Genome-wide scans for selection signatures in indigenous pigs revealed candidate genes relating to heat tolerance
Z.Q. Zhong,
R. Li,
Z. Wang,
S.S. Tian,
X.F. Xie,
Z.Y. Wang,
W. Na,
Q.S. Wang,
Y.C. Pan,
Q. Xiao
Affiliations
Z.Q. Zhong
Hainan Key Laboratory of Tropical Animal Reproduction & Breeding and Epidemic Disease Research, College of Animal Science and Technology, Hainan University, Haikou 570228, China
R. Li
Key Laboratory of Animal Genetics, Breeding and Reproduction of Shanxi Province, College of Animal Science and Technology, Northwest A&F University, Yangling 712100, China
Z. Wang
Department of Animal Science, College of Animal Science, Zhejiang University, Hangzhou 310058, China
S.S. Tian
Hainan Key Laboratory of Tropical Animal Reproduction & Breeding and Epidemic Disease Research, College of Animal Science and Technology, Hainan University, Haikou 570228, China
X.F. Xie
Hainan Key Laboratory of Tropical Animal Reproduction & Breeding and Epidemic Disease Research, College of Animal Science and Technology, Hainan University, Haikou 570228, China
Z.Y. Wang
Hainan Key Laboratory of Tropical Animal Reproduction & Breeding and Epidemic Disease Research, College of Animal Science and Technology, Hainan University, Haikou 570228, China
W. Na
Hainan Key Laboratory of Tropical Animal Reproduction & Breeding and Epidemic Disease Research, College of Animal Science and Technology, Hainan University, Haikou 570228, China
Q.S. Wang
Hainan Yazhou Bay Seed Laboratory, Yongyou Industrial Park, Yazhou Bay Sci-Tech City, Sanya 572025, China; Department of Animal Science, College of Animal Science, Zhejiang University, Hangzhou 310058, China
Y.C. Pan
Hainan Yazhou Bay Seed Laboratory, Yongyou Industrial Park, Yazhou Bay Sci-Tech City, Sanya 572025, China; Department of Animal Science, College of Animal Science, Zhejiang University, Hangzhou 310058, China
Q. Xiao
Hainan Key Laboratory of Tropical Animal Reproduction & Breeding and Epidemic Disease Research, College of Animal Science and Technology, Hainan University, Haikou 570228, China; Corresponding author.

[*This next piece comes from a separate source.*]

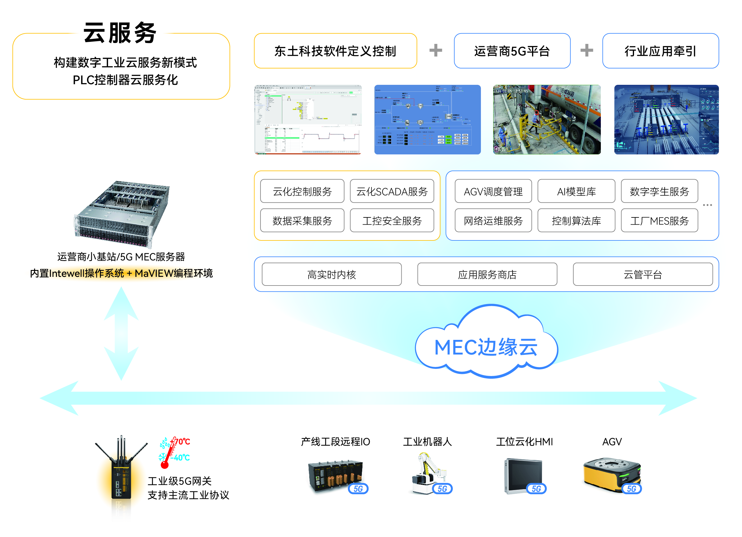 該方案利用5G邊緣智能網(wǎng)關(guān)NewPre2100,通過(guò)5G技術(shù),將現(xiàn)場(chǎng)被控設(shè)備與邊緣MEC服務(wù)器互聯(lián),在MEC服務(wù)器上部署工業(yè)操作系統(tǒng),同時(shí)集成MaVIEW云化控制軟件,充分利用5G網(wǎng)絡(luò)特性,實(shí)現(xiàn)從云端到底層設(shè)備的毫秒級(jí)實(shí)時(shí)控制,并在MEC支撐下進(jìn)行集中設(shè)備管理與數(shù)據(jù)分析應(yīng)用。

Heat stress is a major problem that constrains pig productivity. Understanding and identifying adaptation to heat stress has been the focus of recent studies, and the identification of genome-wide selection signatures can provide insights into the mechanisms of environmental adaptation. Here, we generated whole-genome re-sequencing data from six Chinese indigenous pig populations to identify genomic regions with selection signatures related to heat tolerance using multiple methods: three methods for intra-population analyses (Integrated Haplotype Score, Runs of Homozygosity and Nucleotide diversity Analysis) and three methods for inter-population analyses (Fixation index (FST), Cross-population Composite Likelihood Ratio and Cross-population Extended Haplotype Homozygosity). In total, 1 966 796 single nucleotide polymorphisms were identified in this study. Genetic structure analyses and FST indicated differentiation among these breeds. Based on information on the location environment, the six breeds were divided into heat and cold groups. By combining two or more approaches for selection signatures, outlier signals in overlapping regions were identified as candidate selection regions. A total of 163 candidate genes were identified, of which, 29 were associated with heat stress injury and anti-inflammatory effects. These candidate genes were further associated with 78 Gene Ontology functional terms and 30 Kyoto Encyclopedia of Genes and Genomes pathways in enrichment analysis (P < 0.05). Some of these have clear relevance to heat resistance, such as the AMPK signalling pathway and the mTOR signalling pathway. The results improve our understanding of the selection mechanisms responsible for heat resistance in pigs and provide new insights of introgression in heat adaptation.